Le remaniement du ministère de la Justice par le président Trump se poursuit, le départ de Pam Bondi signalant une escalade potentielle dans l'utilisation de l'autorité légale par l'administration.
Le président Donald Trump a limogé la procureure générale Pam Bondi le 2 avril, après des mois de frustration face à sa direction. Ce mouvement place son ancien avocat personnel à la tête du ministère de la Justice et marque le deuxième licenciement au niveau du cabinet en un peu plus d'un mois.
« Pam a fait un travail formidable en supervisant une répression massive de la criminalité dans tout notre pays, les meurtres chutant à leur plus bas niveau depuis 1900 », a déclaré Trump dans un message sur les réseaux sociaux annonçant que le procureur général adjoint Todd Blanche assurerait l'intérim.
Le départ de Bondi fait suite à celui de la secrétaire à la Sécurité intérieure Kristi Noem, limogée début mars.
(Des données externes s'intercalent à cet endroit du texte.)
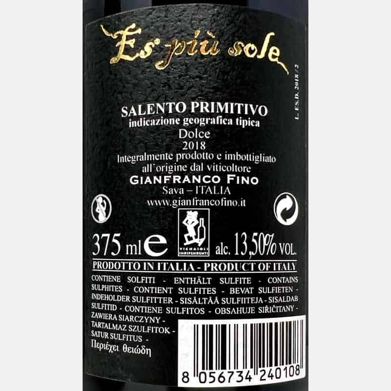 Primitivo Salento Dolce Es Più Sole IGT 2018 Half 0,375L - Gianfranco Fino
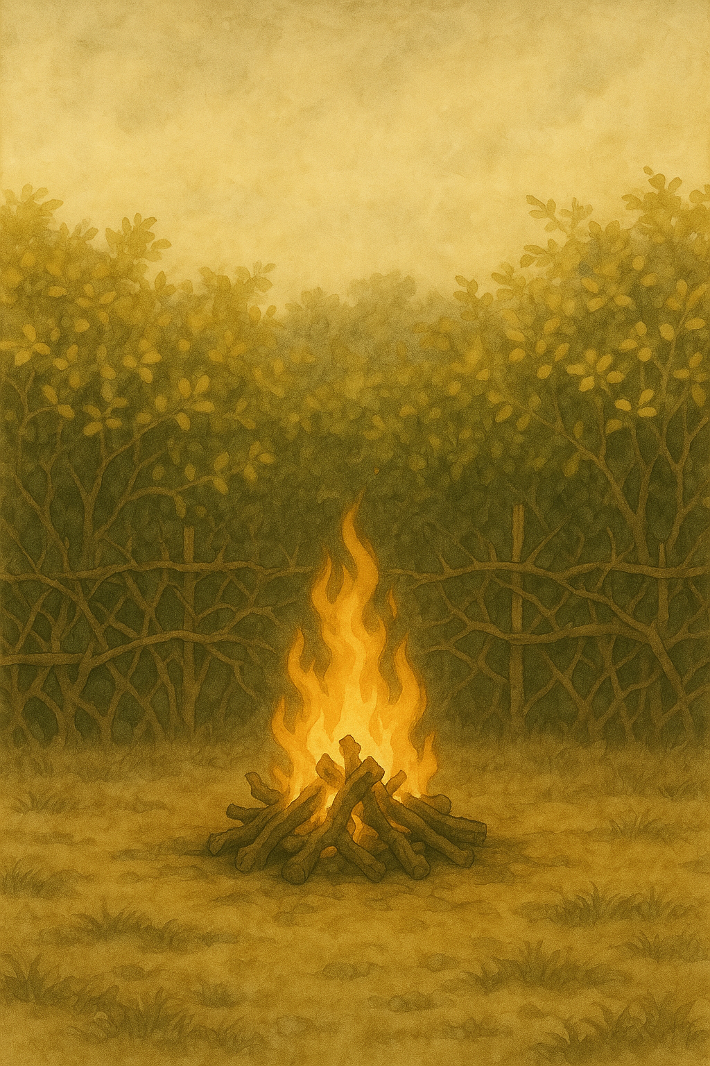 차갑게 얼어붙은 손을 장작불에 가까이 내민다.

Ce remaniement intervient alors que Bondi devait être auditionnée le 14 avril devant la commission de surveillance de la Chambre des représentants concernant la gestion par le ministère des dossiers liés à Jeffrey Epstein, une source majeure d'insatisfaction pour le président, selon des personnes proches du dossier.
L'installation de Todd Blanche, qui a représenté Trump dans ses batailles juridiques personnelles, en tant que procureur général par intérim soulève des questions immédiates sur l'indépendance du ministère de la Justice. Ce changement de direction pourrait signaler une stratégie juridique plus agressive contre les adversaires politiques du président et un regain d'intérêt pour les questions qui mobilisent sa base à l'approche des élections de mi-mandat.
Un mandat sous le feu des critiques
Pam Bondi, qui a pris la tête du ministère de la Justice en février 2025, a connu un mandat tumultueux de 14 mois. Sa direction a été marquée par des accusations de politisation du ministère, utilisant ses vastes pouvoirs contre des individus perçus comme des adversaires de Trump.
Des enquêtes de haut profil ont été lancées contre l'ancien directeur du FBI James Comey et la procureure générale de New York Letitia James, tous deux ciblés publiquement par Trump. Les critiques, notamment un exode massif d'avocats de carrière de la division des droits civils du ministère, ont soutenu que ces actions sapaient l'État de droit à des fins politiques. Bondi a défendu ses actions comme étant un « nettoyage » nécessaire d'un personnel de carrière politisé.
La tempête des dossiers Epstein
Le catalyseur final du renvoi de Bondi semble être la tempête politique entourant l'enquête sur Jeffrey Epstein. Au début de son mandat, Bondi a affirmé avoir la liste des clients d'Epstein « sur son bureau », une déclaration sur laquelle le ministère est revenu plus tard, affirmant qu'une telle liste n'existait pas.
La controverse qui a suivi a conduit le Congrès à adopter la loi sur la transparence des dossiers Epstein (Epstein Files Transparency Act), forçant un ministère réticent à publier des millions de pages de documents. La frustration des législateurs républicains et démocrates face au rythme de publication et aux nombreuses ratures a abouti à une citation à comparaître pour le témoignage de Bondi, qui est désormais remis en question suite à son licenciement. La dernière fois qu'un secrétaire du cabinet a été reconnu coupable d'outrage au Congrès remonte à 2019, un événement qui avait mené à une bataille juridique prolongée et politiquement dommageable.